• _Source records_:
= Beginning of Section =
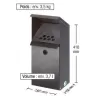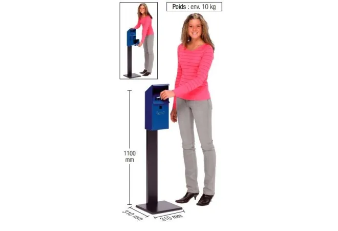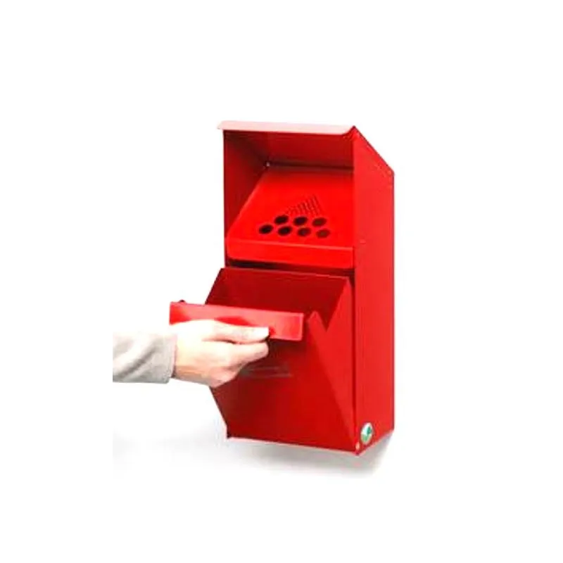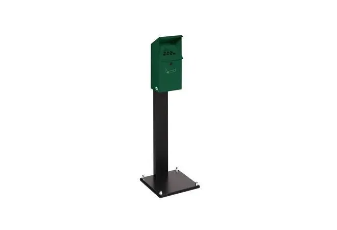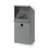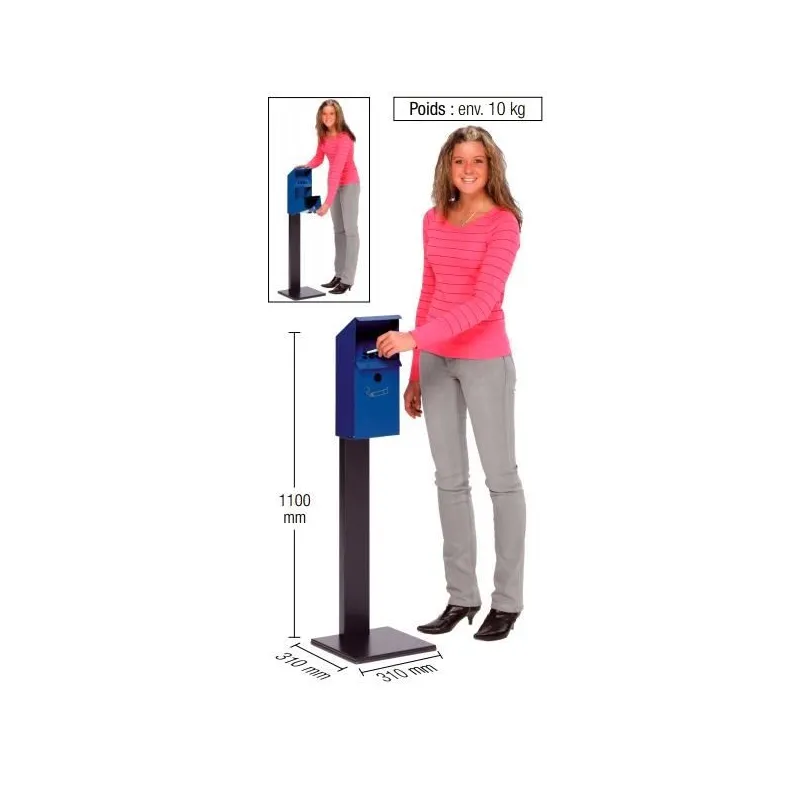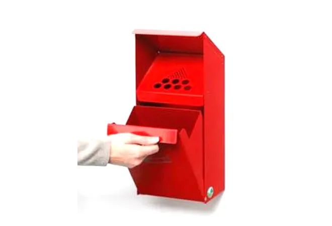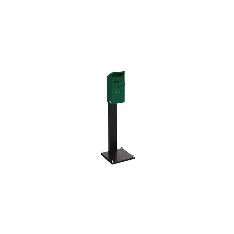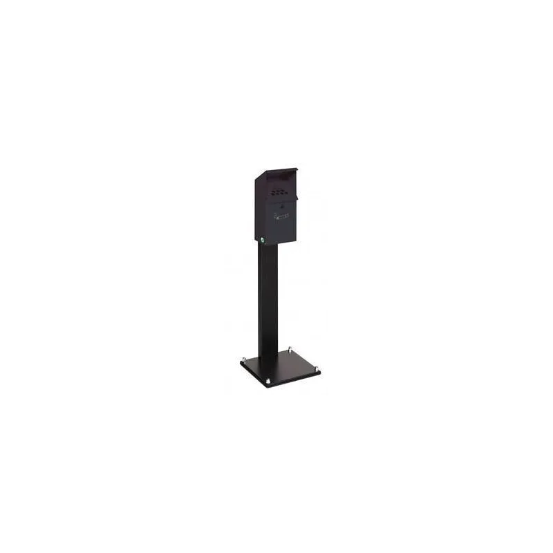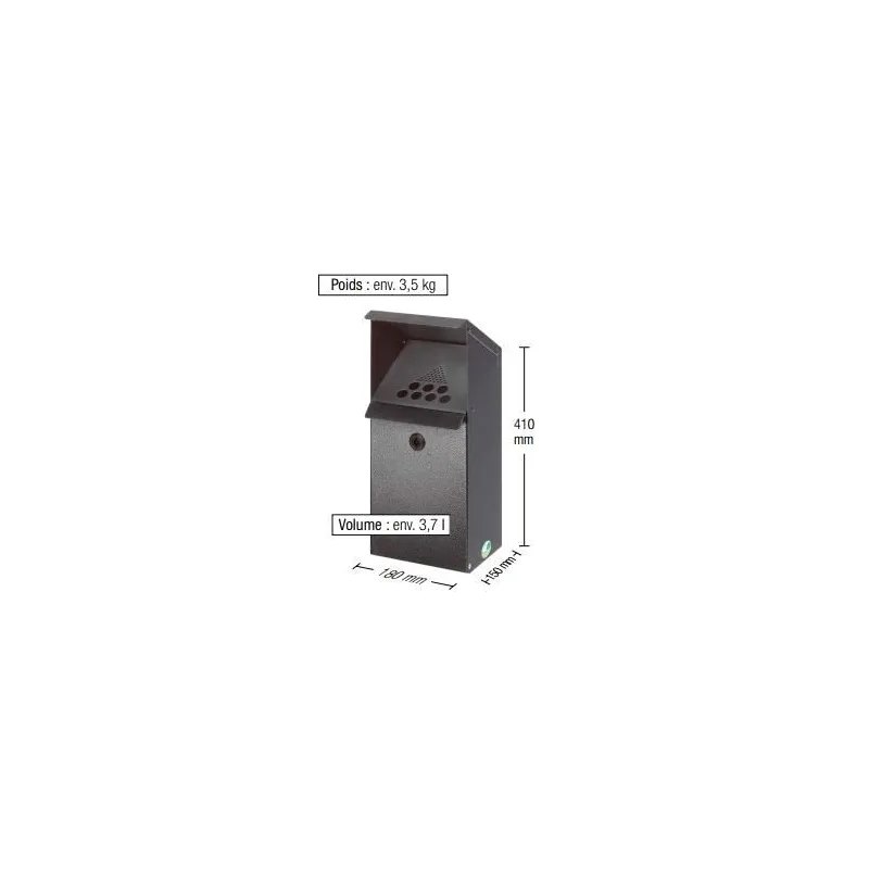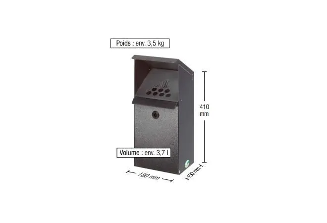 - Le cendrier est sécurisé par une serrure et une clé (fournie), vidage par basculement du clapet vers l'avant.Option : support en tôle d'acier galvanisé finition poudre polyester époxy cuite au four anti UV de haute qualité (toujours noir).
= End of Section =
= Beginning of Section =
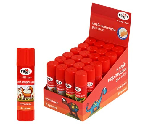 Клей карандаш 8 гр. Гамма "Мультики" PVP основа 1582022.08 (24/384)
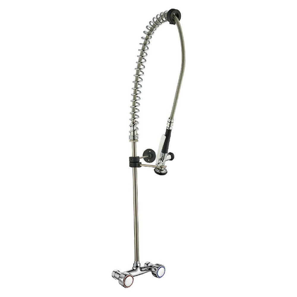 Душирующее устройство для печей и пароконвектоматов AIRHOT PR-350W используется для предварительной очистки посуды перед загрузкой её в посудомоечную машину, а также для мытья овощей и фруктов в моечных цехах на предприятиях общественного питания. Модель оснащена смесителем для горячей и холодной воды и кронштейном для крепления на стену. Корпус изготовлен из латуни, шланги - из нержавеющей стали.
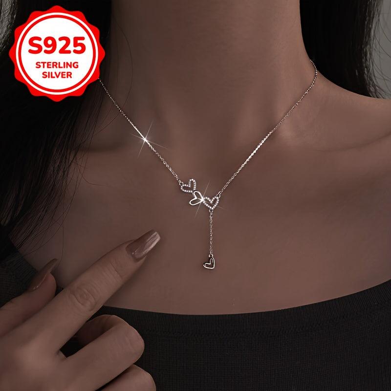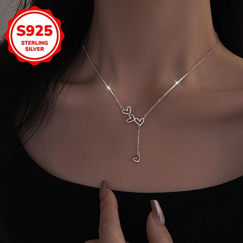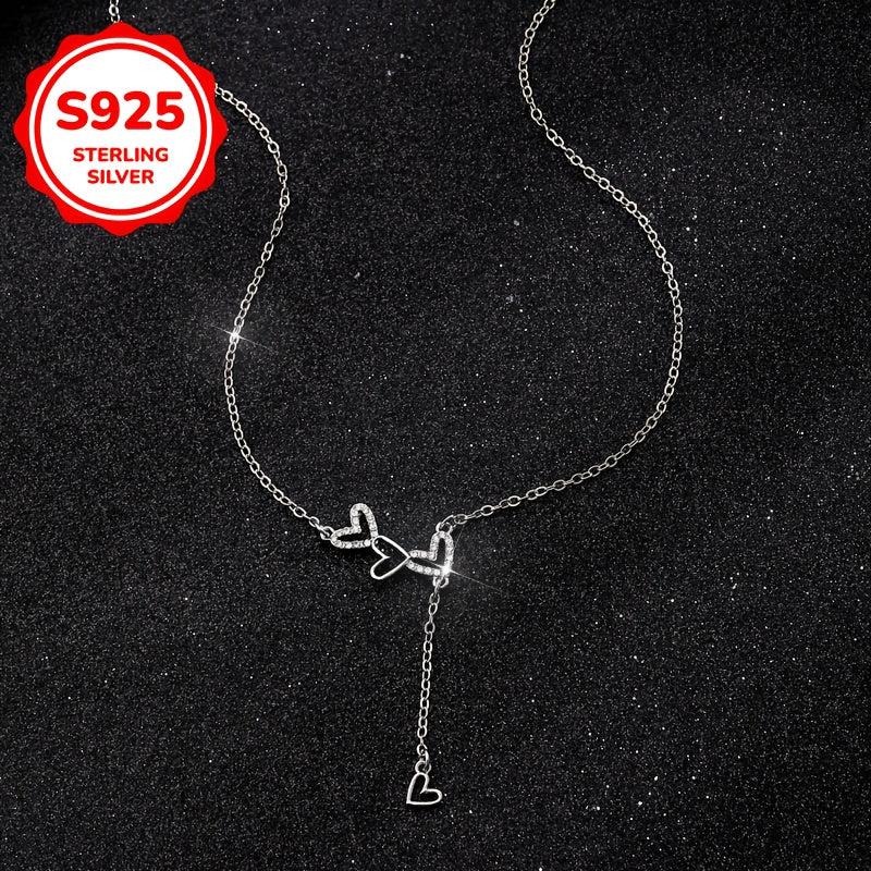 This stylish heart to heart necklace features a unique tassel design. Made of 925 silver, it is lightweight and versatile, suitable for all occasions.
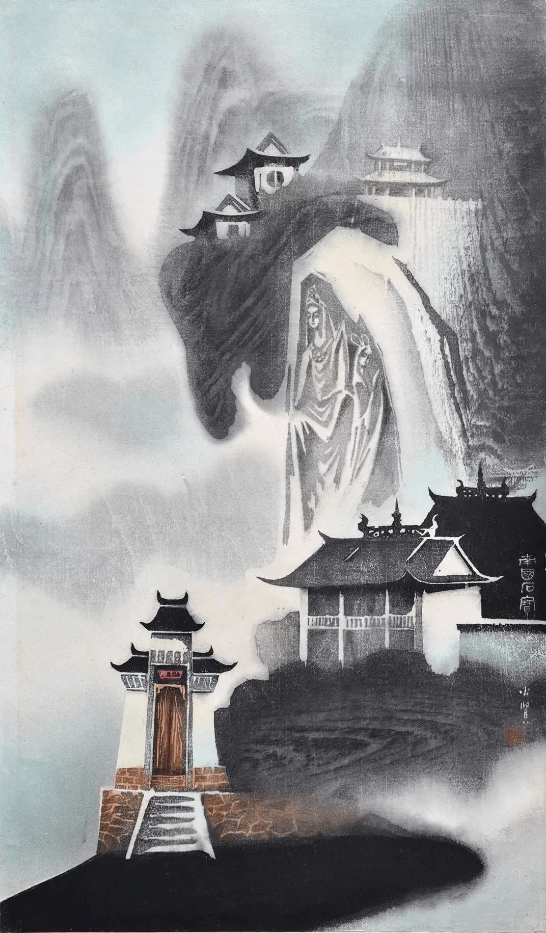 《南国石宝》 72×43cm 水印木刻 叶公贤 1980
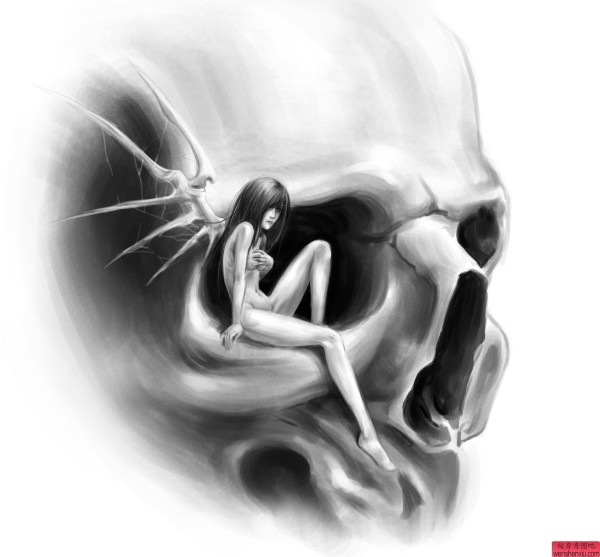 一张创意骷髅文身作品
= End of Section =
= Beginning of Section =
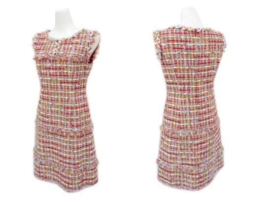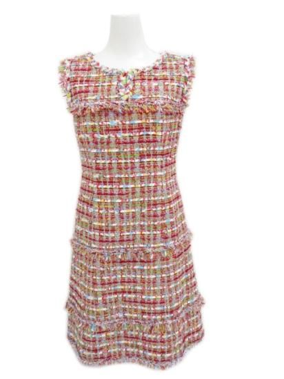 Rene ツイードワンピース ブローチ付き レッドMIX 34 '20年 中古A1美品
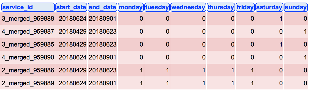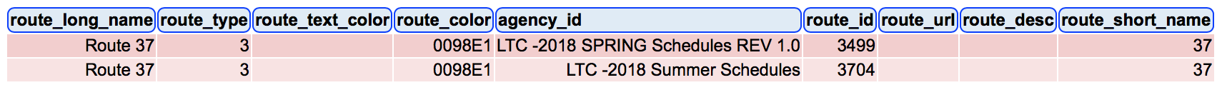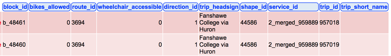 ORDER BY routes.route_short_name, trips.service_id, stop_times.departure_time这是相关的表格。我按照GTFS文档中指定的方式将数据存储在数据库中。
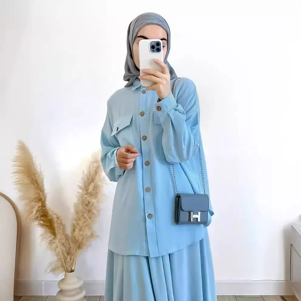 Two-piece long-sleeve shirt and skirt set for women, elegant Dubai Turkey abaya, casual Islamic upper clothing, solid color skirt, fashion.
= End of Section =
• _Task goal_:
Using the entries above, repeat exactly the lines from the one with "Rene ツイードワンピース ブローチ付き レッドMIX 34 '20年 中古A1美品" to the one with "Two-piece long-sleeve shirt", both included, and leave the pictures behind.

• _Result of this task_:
 Rene ツイードワンピース ブローチ付き レッドMIX 34 '20年 中古A1美品
 ORDER BY routes.route_short_name, trips.service_id, stop_times.departure_time这是相关的表格。我按照GTFS文档中指定的方式将数据存储在数据库中。
 Two-piece long-sleeve shirt and skirt set for women, elegant Dubai Turkey abaya, casual Islamic upper clothing, solid color skirt, fashion.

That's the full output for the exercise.